• Data provided
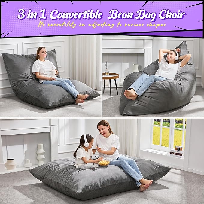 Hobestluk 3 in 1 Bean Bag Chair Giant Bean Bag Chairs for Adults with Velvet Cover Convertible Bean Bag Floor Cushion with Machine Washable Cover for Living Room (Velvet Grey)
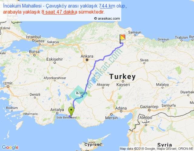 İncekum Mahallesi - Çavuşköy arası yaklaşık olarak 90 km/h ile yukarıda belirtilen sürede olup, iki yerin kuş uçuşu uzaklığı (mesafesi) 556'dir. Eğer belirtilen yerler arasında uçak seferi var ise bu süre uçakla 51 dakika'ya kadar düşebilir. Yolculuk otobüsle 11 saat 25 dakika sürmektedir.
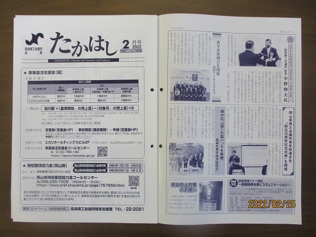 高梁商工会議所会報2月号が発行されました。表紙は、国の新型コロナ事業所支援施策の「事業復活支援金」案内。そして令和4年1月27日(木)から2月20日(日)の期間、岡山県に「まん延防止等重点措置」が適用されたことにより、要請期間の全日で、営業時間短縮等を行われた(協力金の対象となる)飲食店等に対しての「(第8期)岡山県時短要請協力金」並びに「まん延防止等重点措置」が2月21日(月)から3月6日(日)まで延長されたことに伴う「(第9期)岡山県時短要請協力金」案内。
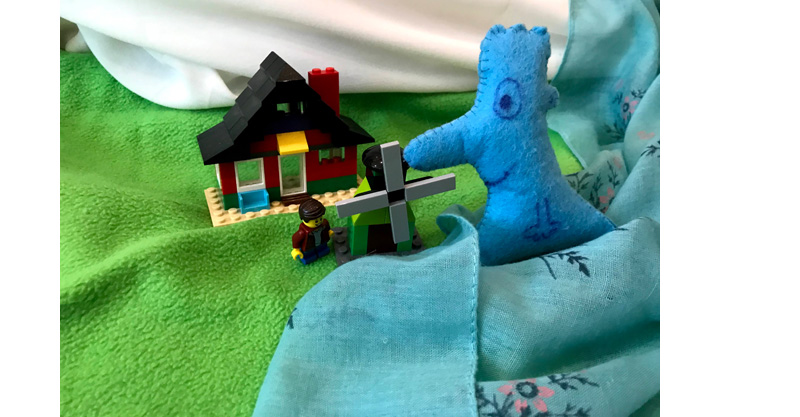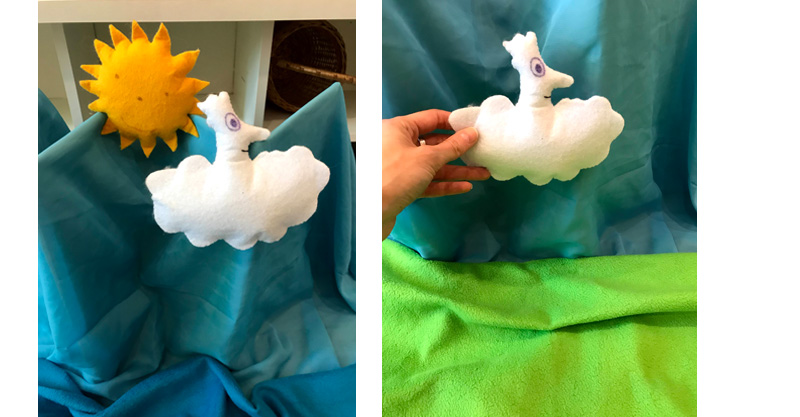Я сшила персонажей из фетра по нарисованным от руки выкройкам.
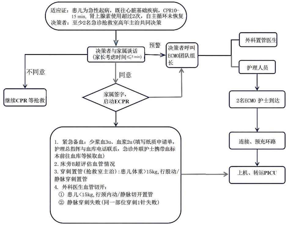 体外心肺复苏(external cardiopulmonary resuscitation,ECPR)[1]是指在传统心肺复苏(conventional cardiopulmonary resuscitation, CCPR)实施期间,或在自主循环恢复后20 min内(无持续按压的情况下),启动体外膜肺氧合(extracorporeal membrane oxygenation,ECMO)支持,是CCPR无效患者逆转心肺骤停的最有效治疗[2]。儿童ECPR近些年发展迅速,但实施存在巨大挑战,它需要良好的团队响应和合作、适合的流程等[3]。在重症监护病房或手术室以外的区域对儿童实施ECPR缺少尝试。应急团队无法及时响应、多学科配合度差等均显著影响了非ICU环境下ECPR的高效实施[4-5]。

• Task item
Return only the lines from the start of the data through the line that contains "Я сшила персонажей", please, copying them exactly and omitting all pictures.

• Worked solution
 Hobestluk 3 in 1 Bean Bag Chair Giant Bean Bag Chairs for Adults with Velvet Cover Convertible Bean Bag Floor Cushion with Machine Washable Cover for Living Room (Velvet Grey)
 İncekum Mahallesi - Çavuşköy arası yaklaşık olarak 90 km/h ile yukarıda belirtilen sürede olup, iki yerin kuş uçuşu uzaklığı (mesafesi) 556'dir. Eğer belirtilen yerler arasında uçak seferi var ise bu süre uçakla 51 dakika'ya kadar düşebilir. Yolculuk otobüsle 11 saat 25 dakika sürmektedir.
 高梁商工会議所会報2月号が発行されました。表紙は、国の新型コロナ事業所支援施策の「事業復活支援金」案内。そして令和4年1月27日(木)から2月20日(日)の期間、岡山県に「まん延防止等重点措置」が適用されたことにより、要請期間の全日で、営業時間短縮等を行われた(協力金の対象となる)飲食店等に対しての「(第8期)岡山県時短要請協力金」並びに「まん延防止等重点措置」が2月21日(月)から3月6日(日)まで延長されたことに伴う「(第9期)岡山県時短要請協力金」案内。
Я сшила персонажей из фетра по нарисованным от руки выкройкам.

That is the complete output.